It’s not what you say, it’s how you say it. The words you use account for less than 10% of your messaging. Just think of your favourite swear word and how it can be used in a myriad of contexts to get a myriad of outcomes. So when you say you’re the best person for the job in an interview, the hiring manager isn’t going to believe you if you don’t get your tone and body language right. Here are eight simple interview preparation tips we use in our career coaching services to help clients project confidence in job interviews.
Albert Mehrabian’s pioneering studies into verbal and non-verbal communication in the late 60’s and early 70’s found non-verbal aspects of communication (i.e. tone of voice and body language) communicate significantly more than the words chosen. He found that if there is any contradiction between non-verbal and verbal communication, people are more likely to believe non-verbal. So to be convincing and believable in an interview, all components of communication must be aligned. Simplistically, his findings state:
– 7% of meaning is in the words that are spoken
– 38% of meaning is paralinguistic (the way words are said)
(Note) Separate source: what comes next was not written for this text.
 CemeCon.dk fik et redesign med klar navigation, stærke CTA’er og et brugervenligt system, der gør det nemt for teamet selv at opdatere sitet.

– 55% of meaning is in facial expression and body language
So saying the right words is just 7% of the battle. Using the appropriate tone to convey your message in an interview is the difference between being believed, and being dismissed. In fact, the tone of voice is so important that US researchers developed a computer algorithm that can effectively predict marital success more accurately than any other behavioural measure by using the tone of the couple’s voices when they communicate with each other. This also means that in an interview, the correct tone conveys confidence, enthusiasm, competence and whether or not you’re a team player. Conversely, the incorrect tone will erode your trust with an interviewer. And no one hires someone they don’t trust.
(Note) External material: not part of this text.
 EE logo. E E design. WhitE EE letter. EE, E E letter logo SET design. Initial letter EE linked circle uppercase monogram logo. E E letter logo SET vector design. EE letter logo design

Focus on the following eight tips in your interview preparation training to sound more confident in job interviews.
A 5-second pause may feel like a long time in an interview, but an interviewer will usually appreciate it. Pausing momentarily before answering a question buys you time to gather your thoughts and can give the interviewers the impression that you’re thoughtful and consider your answers before blurting out the first thing that comes into your head. It also makes you less likely to squeak out a response or open with a high pitch.
Rehearse your answers as part of your interview preparation. This is interview training 101, but it can’t be overstated how valuable it is to do this. If you’ve practiced, the answers will be ready on the tip of your tongue, and you will sound more confident and believable. Remember – You cannot overprepare for an interview!
Umm, uhh, you know, like. Monitor yourself daily for these words and try to eliminate or at least reduce them. These filler phrases make you sound unsure and undermine your efforts to come across as confident.
What is an interested tone? It’s one that varies according to what you are saying and is not flat and monotone. Your tone rises at peak points and lowers at serious points. Beware of raising your tone at the end of sentences (unless they are questions) as it will make you sound as though you are seeking validation or are afraid of being cut off. Avoid this by lowering your tone slightly at the end of your sentence.
Interviewers want to be able to hear you clearly, but like the rest of us, they don’t want to be yelled at. They also don’t want to be straining to hear you. Practice with a friend sitting across the table, and then across the room from you so you can get a sense of what volume works.
Pay close attention to how you emphasise your words. Emphasising a word draws the listeners attention to that word and which word you emphasise can completely change the meaning of a sentence.
Our body language is largely unconscious, which is why it gives so much away about us. Body language can be trained (your favourite actors and actresses are masters). Try sitting in front of a mirror, skype or camera (recording yourself) to become aware of your body language. Watching yourself can be confronting, but it will alert you to any repetitive movements, fidgeting, slouching or other non-verbal cues that detract from confidence. My favourite book to learn more about body language is “Body Language” by Alan & Barbara Pease. You can’t fake good body language the first time; this takes practice until it becomes a habit.
Obvious, yes. Critical, yes. Just like any wind instrument, your voice requires air to work. Apart from the obvious implications, not enough or inconsistent breath will interrupt the cadence of your speech, elevate the pitch and drastically reduce any appearance of confidence. A simple visualization is to imagine your heart traveling into your belly as you inhale, and your heart floating up into your chest as you exhale. This will ensure you are breathing deeply.
Non-verbal communication is generally unconscious, which is why we believe it more than the words spoken. If you want to nail interviews, commit time to getting your non-verbals right. Play around with your voice, your pitch, tone, cadence and articulation at home, so you’re comfortable with your range and you know how to use your voice. Practice your breath work and body language tips as often as possible. Good non-verbal communication skills will pay off in spades in an interview and make you a powerful and convincing communicator.